Adams built such a sizable following through touring that his independently released album Boston's Boy shot to the top of the iTunes Hip-Hop/Rap chart on its first day out in March 2010, selling nearly 8,000 digital copies that week and outpacing albums by Lil Wayne and DJ Khaled. "We basically marketed the record on Facebook," Adams says. "The buzz from 'I Hate College' really helped. Nearly all of our Facebook fans bought the album on the first day." With its pop-rap sound and lyrics about coming up as an artist in college, Boston's Boy earned kudos from local critics, one of whom noted: "There's no falsity in his songs. He captures campus life with unparalleled specificity."
With his Facebook fan page growing by the thousands, Adams was ready to take things to the next level, he just needed to figure out how. "I had been going to all these DJ shows, watching guys like Rusko and Skrillex, who were selling out huge 100,000-capacity festivals," Adams says. "Kids would be going insane to these big drops and bass sounds. I really liked that style of music and wanted to incorporate it into my live show." In September 2010, Adams released his first mixtape, Party Records, a seamless blend of dubstep, bass music, and electro-house with beats by Rusko, Deadmau5, Bassnectar, and other EMD giants.

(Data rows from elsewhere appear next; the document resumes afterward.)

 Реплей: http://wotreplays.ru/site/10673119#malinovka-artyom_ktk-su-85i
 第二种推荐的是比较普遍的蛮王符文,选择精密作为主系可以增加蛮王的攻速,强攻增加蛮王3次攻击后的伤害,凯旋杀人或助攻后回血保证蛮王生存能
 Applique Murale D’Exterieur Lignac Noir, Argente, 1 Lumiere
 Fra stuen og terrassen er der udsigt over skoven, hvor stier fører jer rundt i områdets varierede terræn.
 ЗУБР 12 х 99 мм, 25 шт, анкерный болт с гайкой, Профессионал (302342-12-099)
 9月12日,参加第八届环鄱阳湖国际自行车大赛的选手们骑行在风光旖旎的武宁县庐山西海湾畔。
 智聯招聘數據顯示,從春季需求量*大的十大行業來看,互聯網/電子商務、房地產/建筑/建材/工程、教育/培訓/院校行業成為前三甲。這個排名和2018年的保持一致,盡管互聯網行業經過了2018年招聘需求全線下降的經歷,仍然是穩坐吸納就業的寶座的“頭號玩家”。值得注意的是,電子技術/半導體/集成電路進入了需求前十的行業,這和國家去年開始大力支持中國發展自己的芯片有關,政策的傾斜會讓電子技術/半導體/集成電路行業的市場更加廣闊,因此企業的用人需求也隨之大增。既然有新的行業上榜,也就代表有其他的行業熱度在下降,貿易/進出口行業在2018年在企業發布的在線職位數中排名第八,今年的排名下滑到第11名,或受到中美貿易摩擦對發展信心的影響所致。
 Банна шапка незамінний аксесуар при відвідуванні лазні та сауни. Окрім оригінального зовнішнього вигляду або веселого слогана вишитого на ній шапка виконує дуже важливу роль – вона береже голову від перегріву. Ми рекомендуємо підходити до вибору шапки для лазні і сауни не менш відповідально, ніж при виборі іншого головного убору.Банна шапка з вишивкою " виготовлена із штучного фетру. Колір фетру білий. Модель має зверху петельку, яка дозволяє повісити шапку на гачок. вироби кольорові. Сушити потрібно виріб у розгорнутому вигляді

"It was a passion project that really elevated our live shows because kids loved dancing to these kinds of songs," Adams says. "It made a huge difference. We toured with Boston's Boy mostly in the Northeast. With Party Records we could go anywhere." Indeed, in addition to opening for such artists as Kid Cudi, Drake, Nicki Minaj, LMFAO, Ludacris, and J. Cole, Adams performed 180 headlining shows in the U.S. and Canada over the past year and sold out 160 of them, including a high-profile gig at New York City's Terminal 5.

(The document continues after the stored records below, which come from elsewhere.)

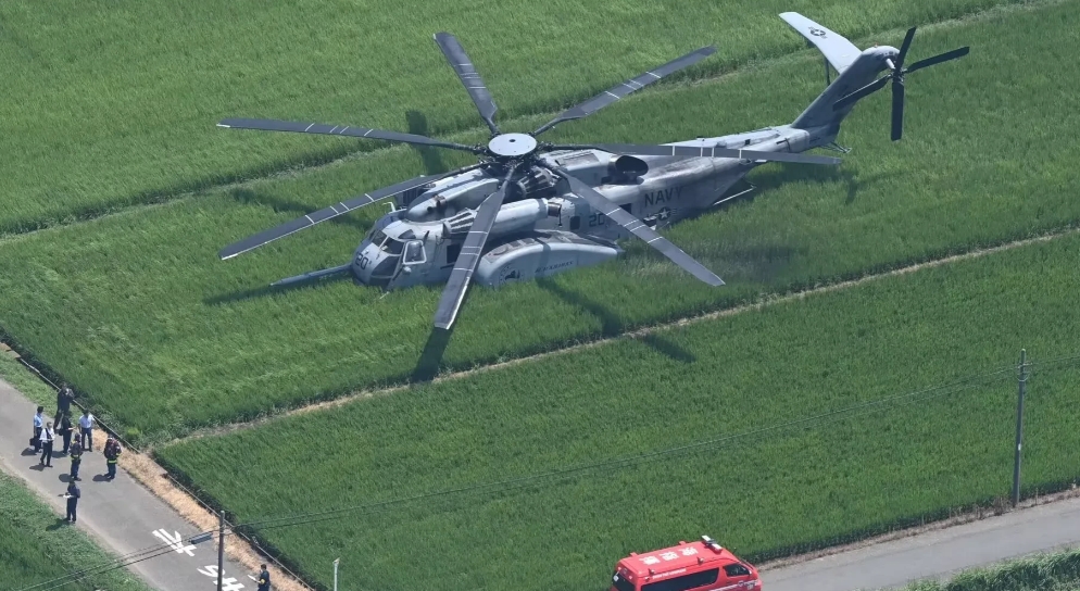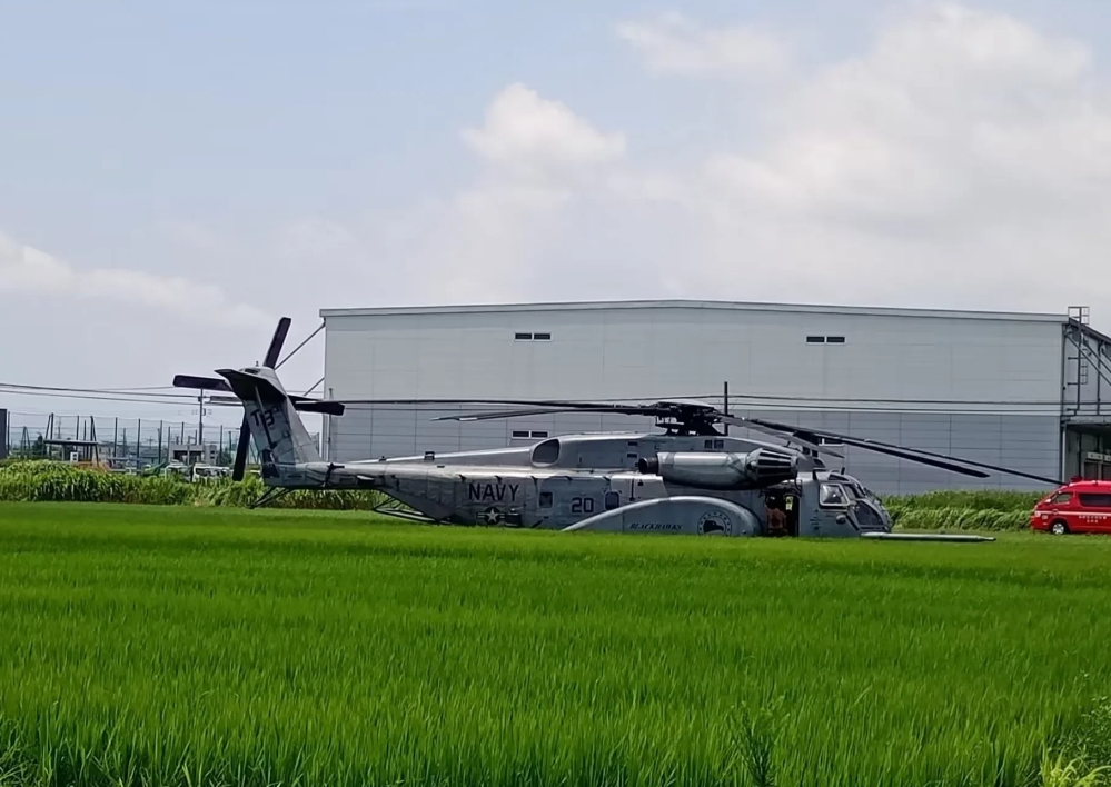驻日美军的一架CH53直升机在农田降落,从现场的照片来看,这架大型直升机似乎没有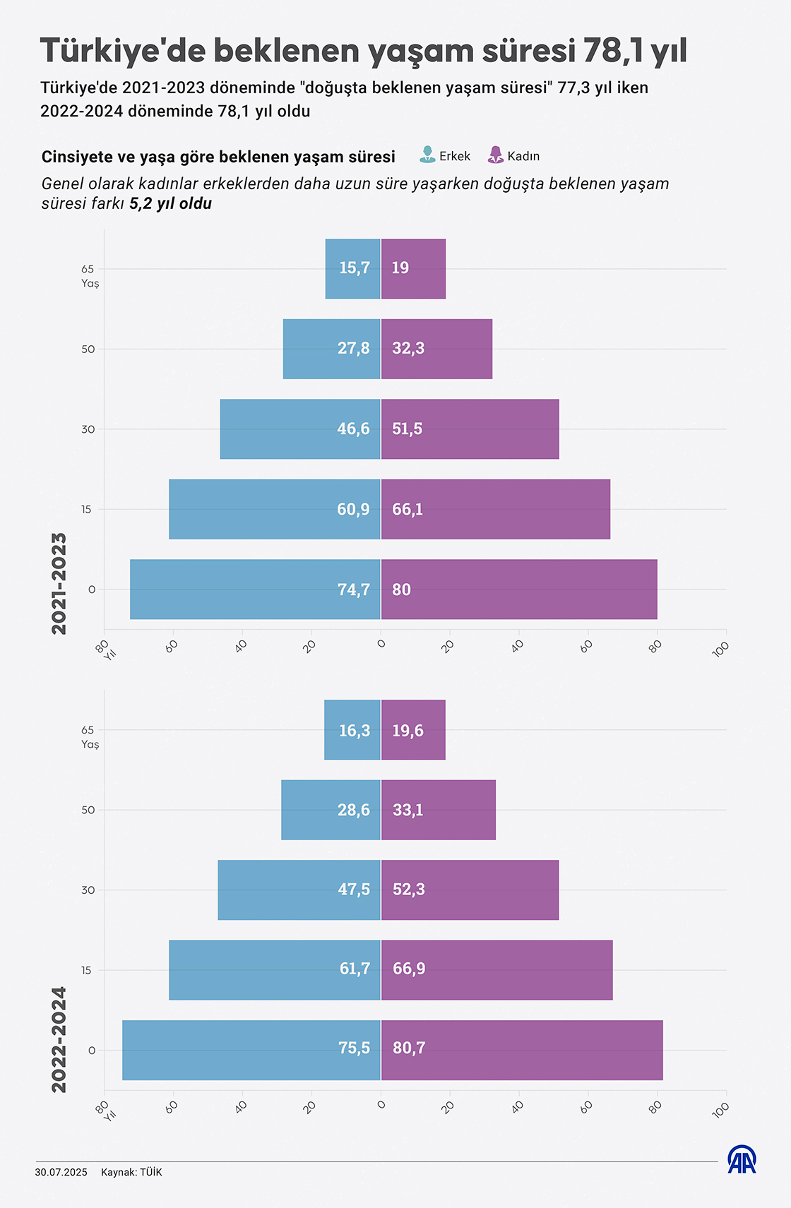 Türkiye'de beklenen yaşam süresi 78,1 yıl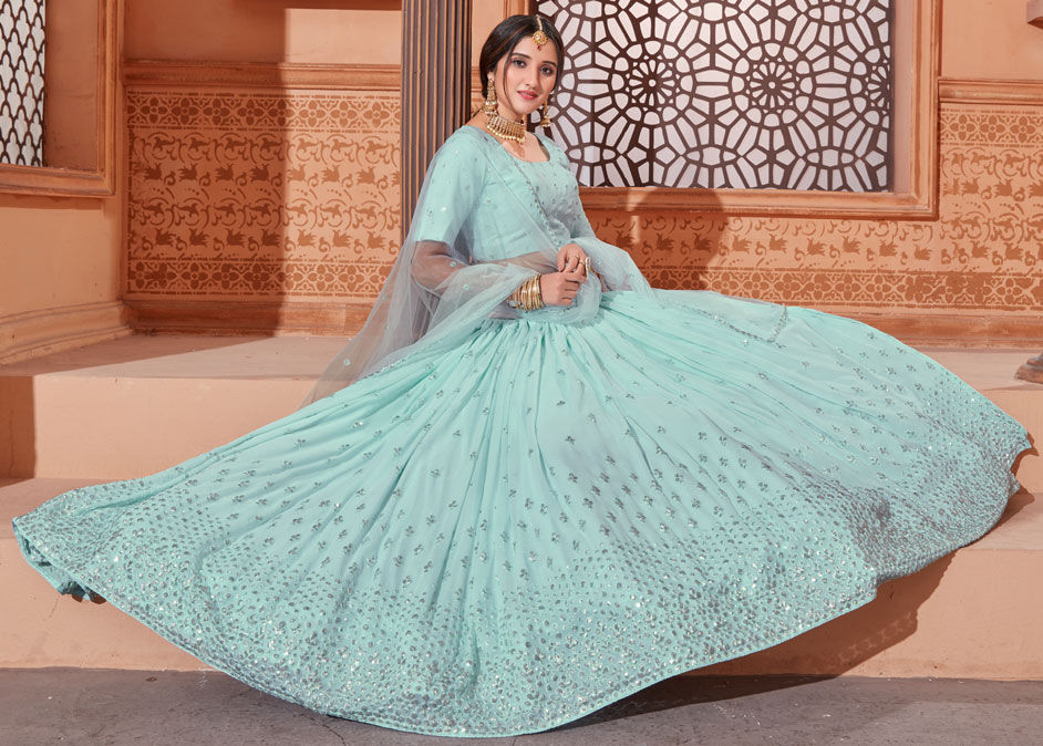 Blue color Lehenga in Georgette fabric with Embroidered, Resham, Sequence, Thread work

It's with that striving spirit that Adams will take on his next challenge: forging a name for himself as a pop artist. "I want to make music that's universal, that anyone can relate to," he says. "I've had my biggest success so far with pop songs like 'Driving Me Crazy' [from Boston's Boy] and 'I Hate College' and it has inspired me to write super-catchy hooks that people can jump up and down to. It feels authentic to where I am creatively at this point and I'm excited to continue to explore and play with this kind of music."

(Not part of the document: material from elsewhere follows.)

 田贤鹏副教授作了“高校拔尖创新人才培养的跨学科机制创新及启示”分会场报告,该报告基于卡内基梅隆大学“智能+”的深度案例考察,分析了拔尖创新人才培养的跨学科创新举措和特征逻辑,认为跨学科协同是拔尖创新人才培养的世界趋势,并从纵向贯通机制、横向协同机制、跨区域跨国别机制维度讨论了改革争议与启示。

Adams has been in the studio with his songwriting and production collaborators J.O.B., Bei Maejor, Alex Da Kid, Supa Dups, and others, working on the songs that will be included on his debut album for RCA Records, which he plans to release in Spring 2012. In the meantime, expect to see him popping up onstage whenever he's not in the studio. "I'm motivated by how much I love entertaining and the connection I have with my fans," he says. "I want to make music that makes them proud." Which is why he ends the viral video for "Blow Up" with the following message: "For my fans, Every moment, every day, this is all for you. Thank you for making me what I am. I am humbled, proud, and excited. Everything has just now begun."